Sean Penn at the Cannes press conference for 'This Must be the Place' / photo by Brian D. Johnson

Meanwhile, a Danish journalist had to ask Drive’s Danish director his opinion of the Nazigate scandal surrounding Lars Von Trier, which is front page news in their home country. “Oh you Danes,” sighed Refn. “I think that what Lars said was very unacceptable. I just think that it shows that in Denmark we have a very small mentality and we sometimes forget that there are other people around us. I was very much repulsed by what he said, for my family’s sake and everyone else. I don’t want to get into it.” Right answer.

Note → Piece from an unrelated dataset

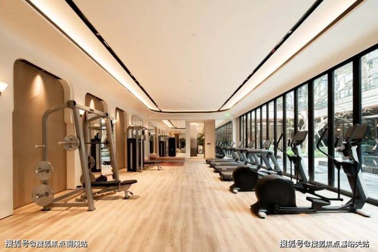 从室内恒温泳池出来,是仍然朝向下沉式庭院的瑜伽室,再往前走是健身房,它配备了小飞鸟训练器、卧式健身车、跑步机、椭圆机、哑铃训练椅等等各种健身器材。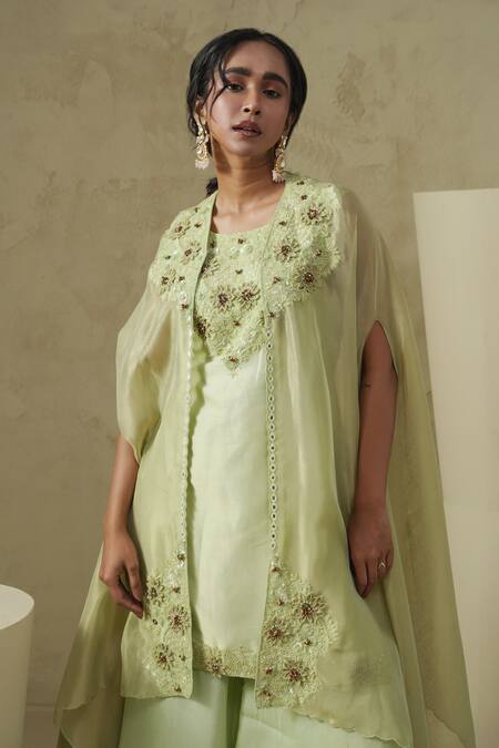 Pear green designer set featuring a cape, kurta, and gharara. The ensemble is made from silk and tissue with intricate handwork details.

Gosling’s and Penn’s films both deal with issues of retribution in America—though from wildly opposite viewpoints—so I asked Penn a question about the culture of vengeance in the United States, on screen and off. I still can’t make head or tail of his answer, but here it is, for what it’s worth:

“You bring up something that can certainly be elaborated on outside the length of what we’re doing here.  When we see a sense of vengeance and the way it’s responded to, embraced, rejected recently in the United States, as vengeance was cast and completed in the killing of Osama Bin Laden and throughout the culture the various responses to that, the way people get emotionally taken away with it. In this film . . . it’s pursued but not particularly thought out. It’s one more smell in the air that’s carrying the question and the journey.” Uh huh.